> WHAT YOU SHOULD DO
Set down the data below without change, skipping the pictures it holds.

> DATA BELOW
------------------------

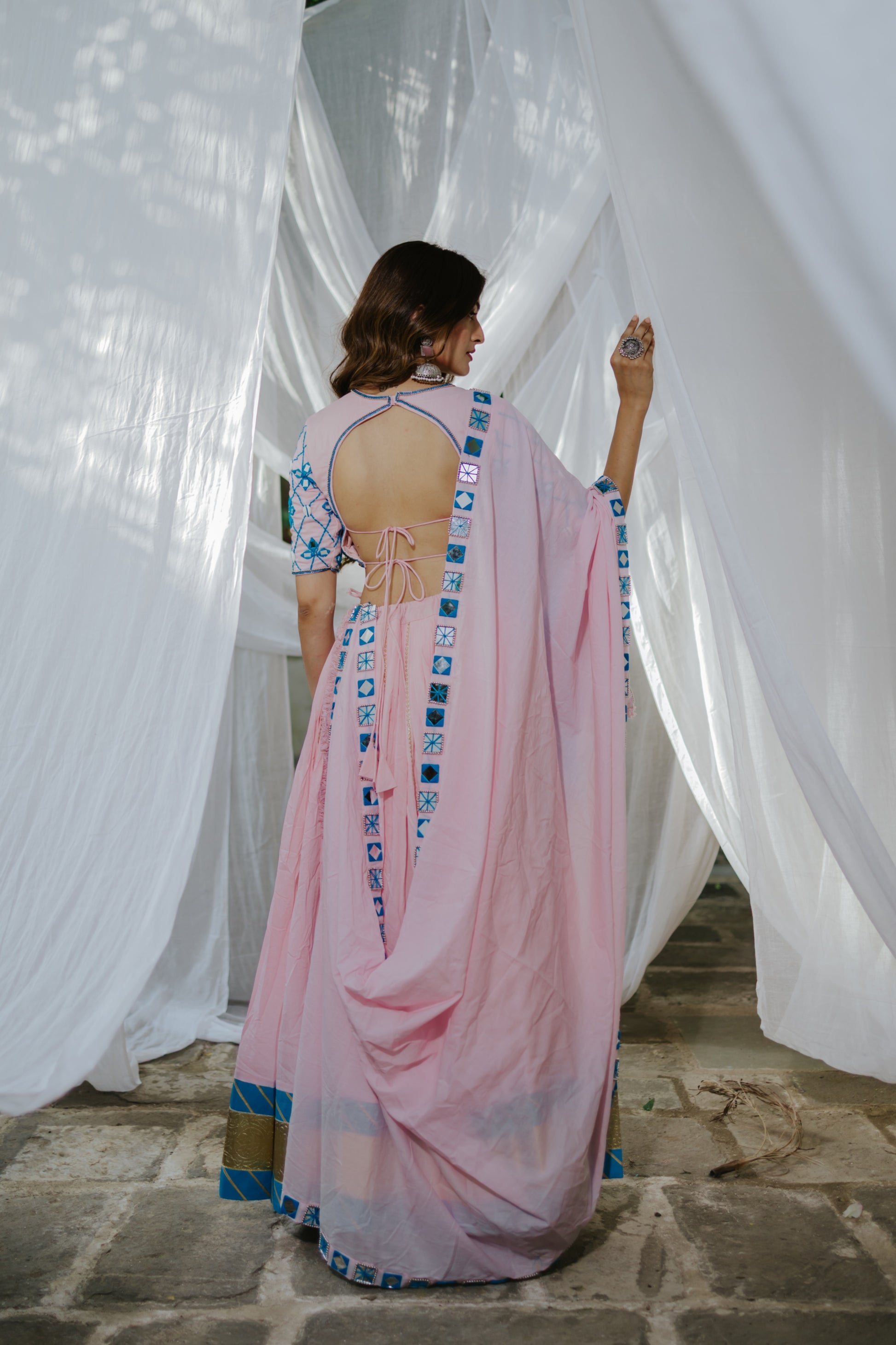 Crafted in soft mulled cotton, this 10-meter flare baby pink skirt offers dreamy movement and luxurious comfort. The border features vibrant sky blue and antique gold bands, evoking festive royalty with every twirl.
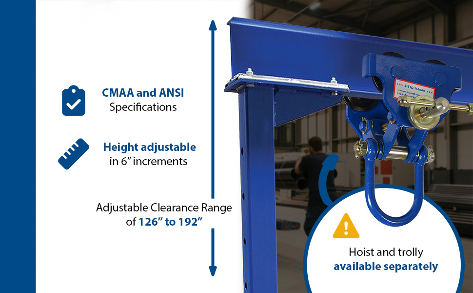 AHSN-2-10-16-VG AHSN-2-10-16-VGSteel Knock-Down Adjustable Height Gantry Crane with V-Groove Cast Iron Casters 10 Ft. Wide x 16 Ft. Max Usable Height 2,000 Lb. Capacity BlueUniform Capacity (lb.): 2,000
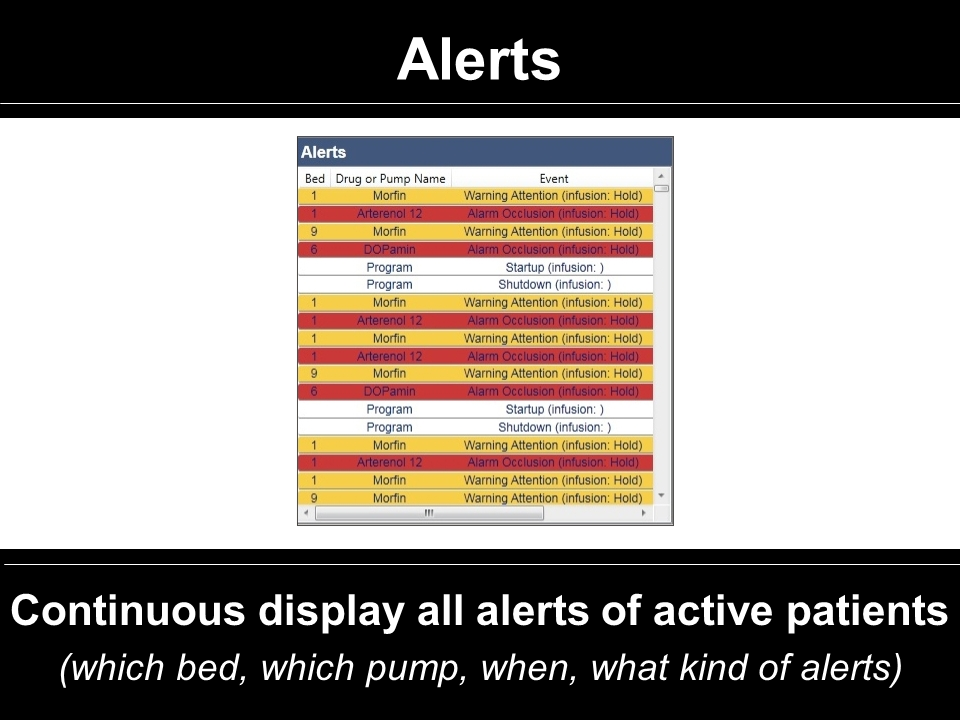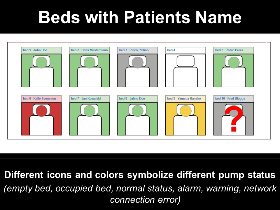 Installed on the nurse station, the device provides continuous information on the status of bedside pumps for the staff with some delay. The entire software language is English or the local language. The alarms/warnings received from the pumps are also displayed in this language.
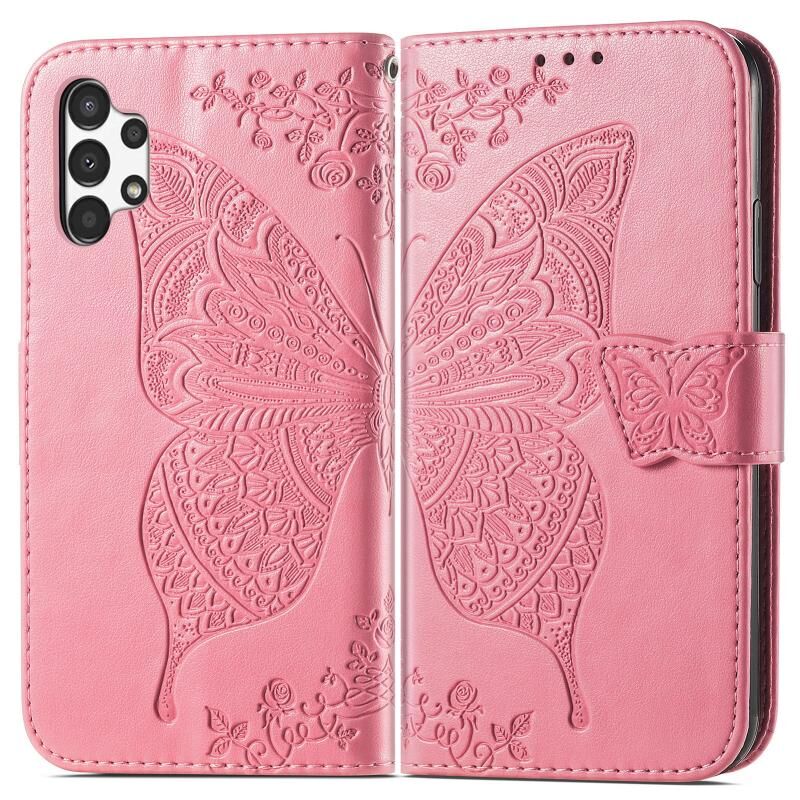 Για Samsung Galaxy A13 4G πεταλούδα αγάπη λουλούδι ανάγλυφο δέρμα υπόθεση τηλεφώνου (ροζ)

------------------------

> SOLUTION TO THIS TASK
 Crafted in soft mulled cotton, this 10-meter flare baby pink skirt offers dreamy movement and luxurious comfort. The border features vibrant sky blue and antique gold bands, evoking festive royalty with every twirl.
 AHSN-2-10-16-VG AHSN-2-10-16-VGSteel Knock-Down Adjustable Height Gantry Crane with V-Groove Cast Iron Casters 10 Ft. Wide x 16 Ft. Max Usable Height 2,000 Lb. Capacity BlueUniform Capacity (lb.): 2,000
 Installed on the nurse station, the device provides continuous information on the status of bedside pumps for the staff with some delay. The entire software language is English or the local language. The alarms/warnings received from the pumps are also displayed in this language.
 Για Samsung Galaxy A13 4G πεταλούδα αγάπη λουλούδι ανάγλυφο δέρμα υπόθεση τηλεφώνου (ροζ)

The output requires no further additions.